Und ein ordentlicher Umgangston. So sei es nicht angemessen, eine Politikerin mit Margot Honecker zu vergleichen, sagt Hermann Imhof und spielt damit auf seinen Parteifreund Ministerpräsident Markus Söder an, der eben das am politischen Aschermittwoch mit Umweltministerin Steffi Lemke (Grüne) getan hatte. Söder könnte sich am Donnerstag mehrfach angesprochen fühlen, selbst wenn er nicht explizit genannt wird. Als Unterzeichner des Aufrufs sei er freilich auch eingeladen, sagt Renate Schmidt, der erste war Nürnbergs Oberbürgermeister Marcus König (CSU).

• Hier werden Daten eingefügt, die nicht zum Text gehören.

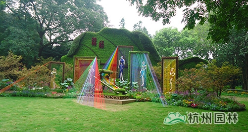 《古韻良緣》:利用一些古時(shí)婚嫁常見的婚床、拜堂桌臺(tái)、喜轎等婚嫁元素組合而成,反映了中國傳統(tǒng)的婚禮場(chǎng)景。利用日常修剪的枯枝、落葉等園林廢棄物作為小品構(gòu)架的主要材料,表達(dá)了現(xiàn)代自然、生態(tài)、環(huán)保的設(shè)計(jì)理念。
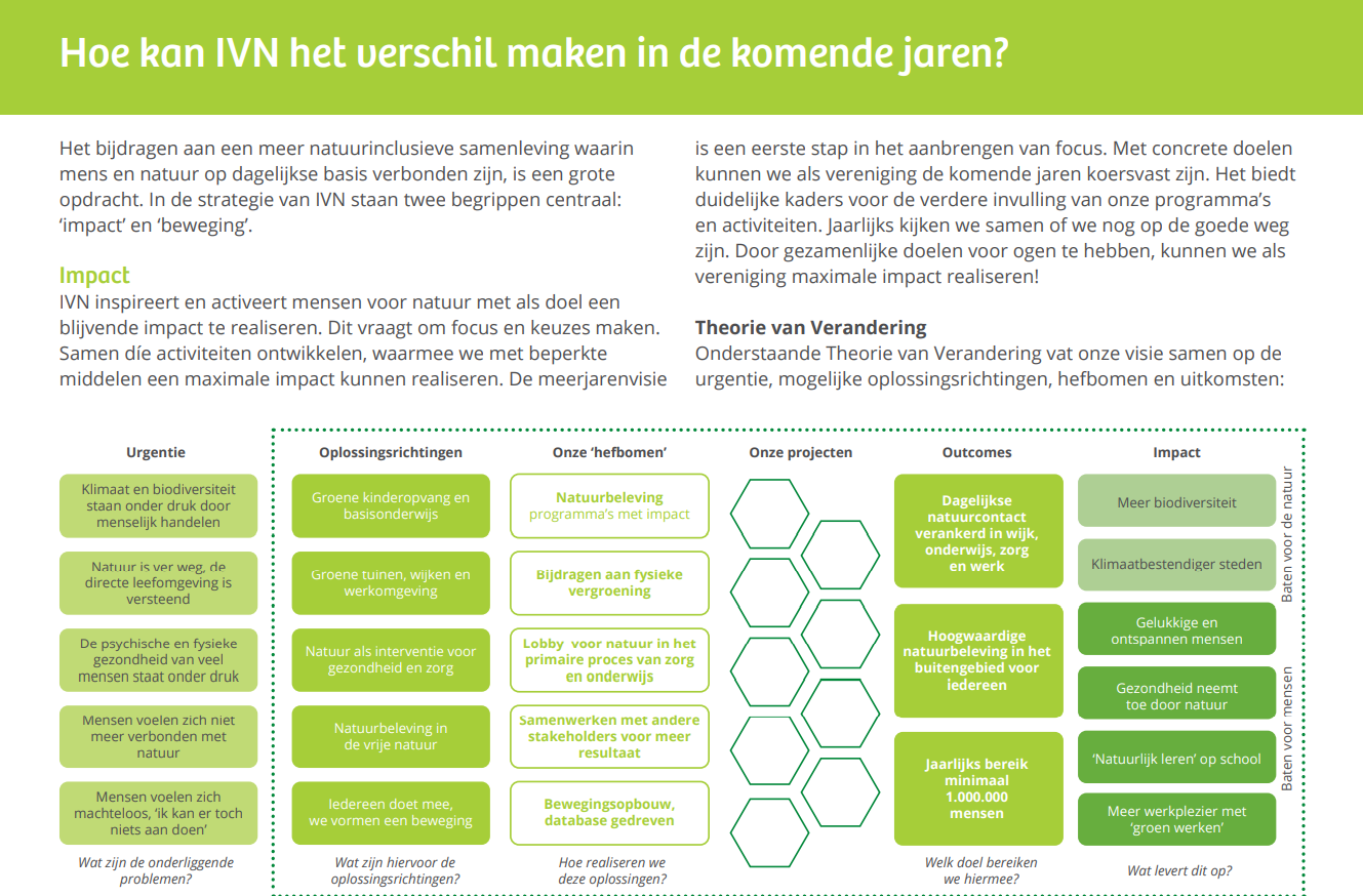In het voorliggende concept Meerjarenvisie van IVN staat op bladzijde 12 een schema. Vanuit de visie en dit schema willen we met een aantal leden bekijken of onze activiteiten aansluiten en of we wellicht nog andere natuuractiviteiten kunnen/moeten ontplooien.

Am 19. April soll es offiziell losgehen, dann sind Plakate und Buttons erhältlich, auch einen Online-Auftritt wird es geben unter www.zammrueggn.de. Vereine, Kirche, Firmen und Organisationen wollen die fünf gewinnen, um mitzutun. Die Plakate in verschiedenen Farben könnten von den demokratischen Parteien etwa im Europawahlkampf neben den eigenen verwendet werden. Das Alleinstellungsmerkmal ihrer Initiative, neben anderen, die sich für die Demokratie engagieren, sieht Schmidt in der Überparteilichkeit. Und in der Niedrigschwelligkeit. Geht es nach ihr, erkennen sich Nürnbergs Demokratinnen und Demokraten bald am Zammrüggn-Button.